Graham pulled his eyes from a well-scrubbed piece of floor near the bar. He reached into his pocket and brought out a pair of dull iron shims, his hand hardly shaking at all. “Bring me up a short beer, would you, Kote?” he asked, his voice rough. “I know it’s early, but I’ve got a long day ahead of me. I’m helping the Murrions bring their wheat in.”

The innkeeper drew the beer and handed it over silently. Graham drank half of it off in a long swallow. His eyes were red around the edges. “Bad business last night,” he said without making eye contact, then took another drink.

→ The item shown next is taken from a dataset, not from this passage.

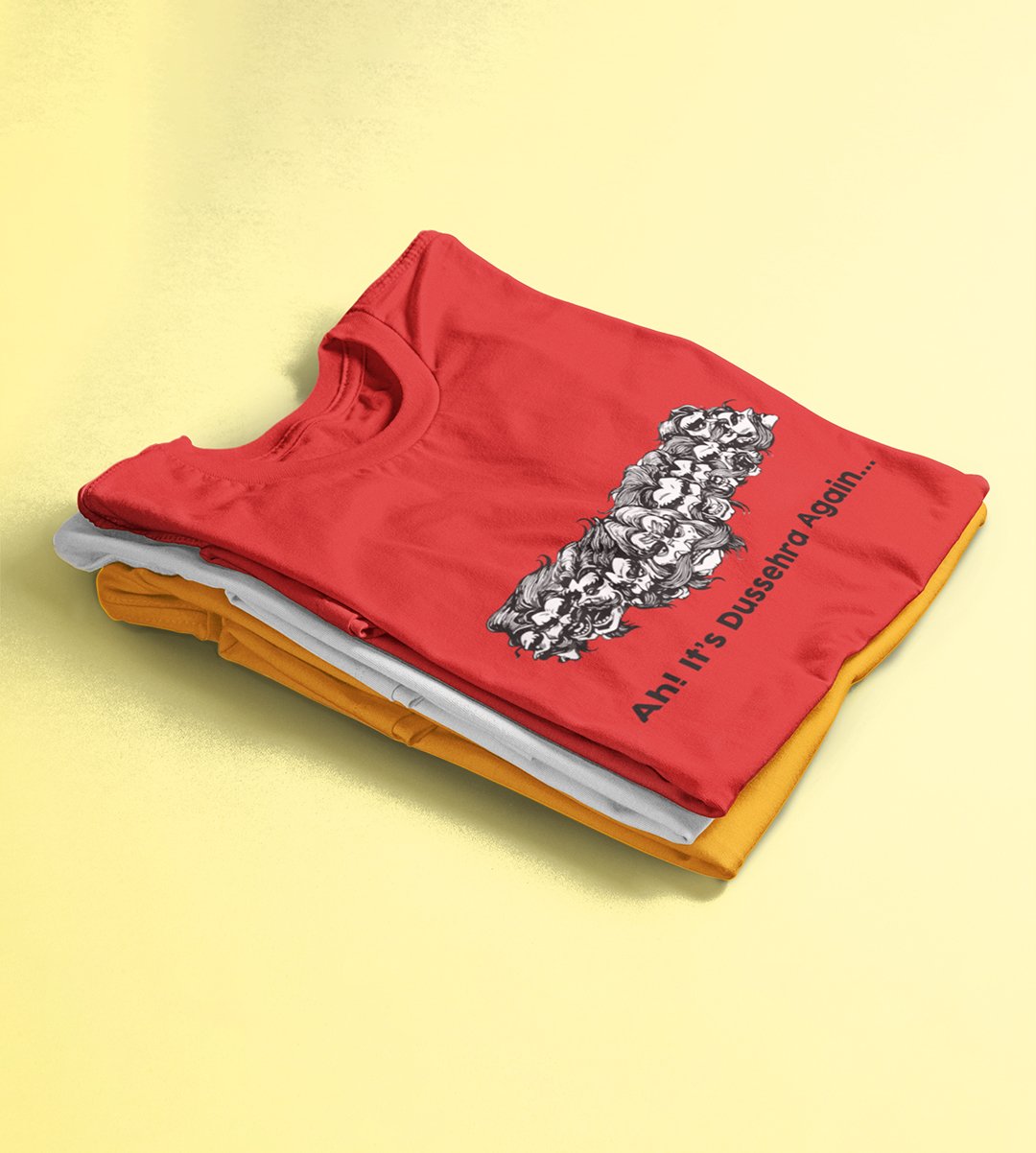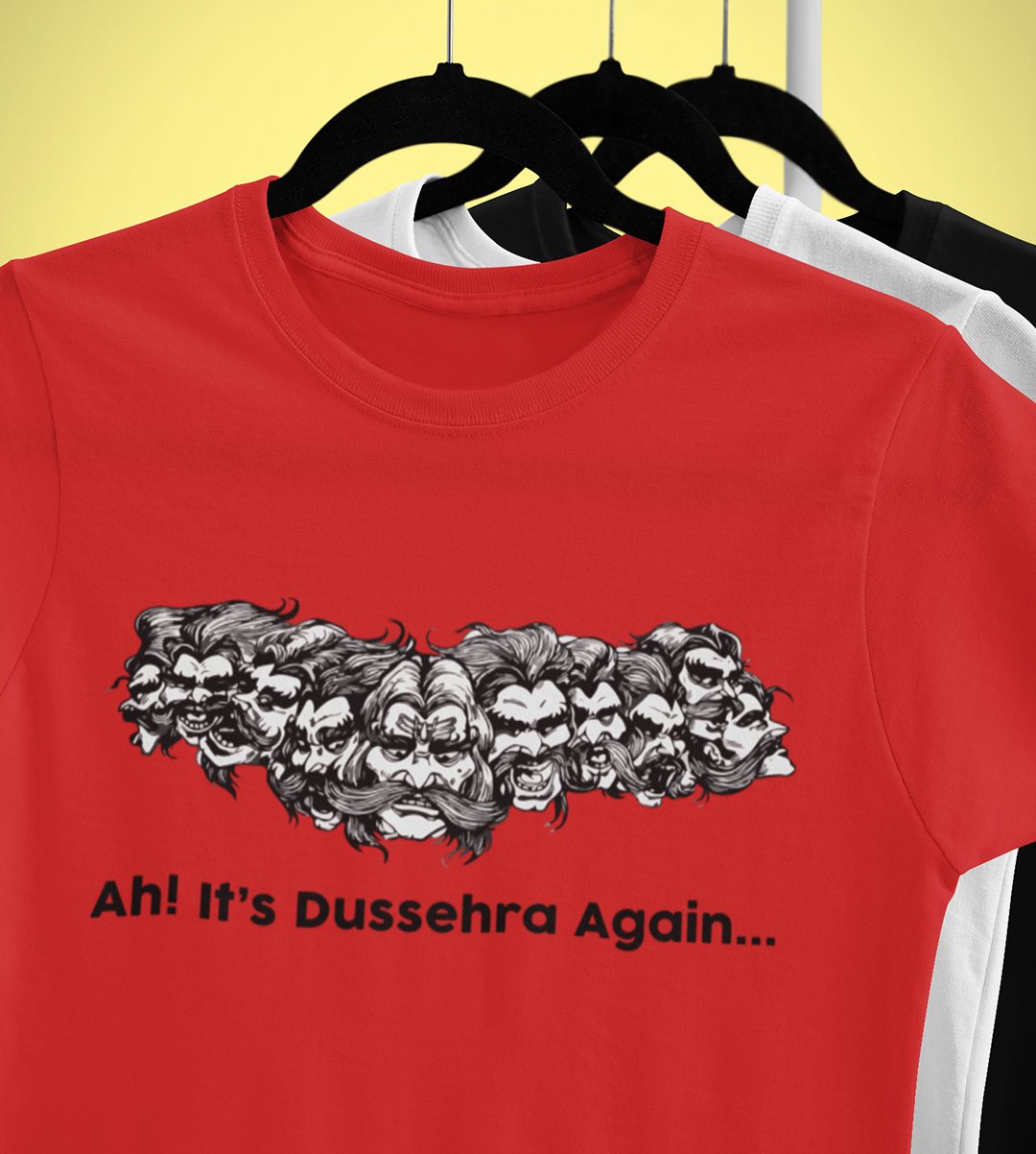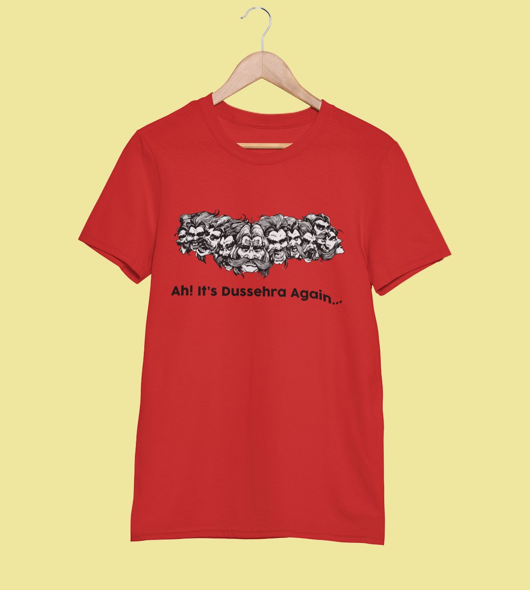 Ah! its dussehra again printed unisex adults round neck cotton half-sleeve red tshirt specially for Navratri festival/ Durga puja

Kote nodded. Bad business last night. Chances are, that would be all Graham had to say about the death of a man he had known his whole life. These folk knew all about death. They killed their own livestock. They died from fevers, falls, or broken bones gone sour. Death was like an unpleasant neighbor. You didn’t talk about him for fear he might hear you and decide to pay a visit.

Except for stories, of course. Tales of poisoned kings and duels and old wars were fine. They dressed death in foreign clothes and sent him far from your door. A chimney fire or the croup-cough were terrifying. But Gibea’s trial or the siege of Enfast, those were different. They were like prayers, like charms muttered late at night when you were walking alone in the dark. Stories were like ha’penny amulets you bought from a peddler, just in case.

“How long is that scribe fellow going to be around?” Graham asked after a moment, voice echoing in his mug. “Maybe I should get a bit of something writ up, just in case.” He frowned a bit. “My daddy always called them laying-down papers. Can’t remember what they’re really called.”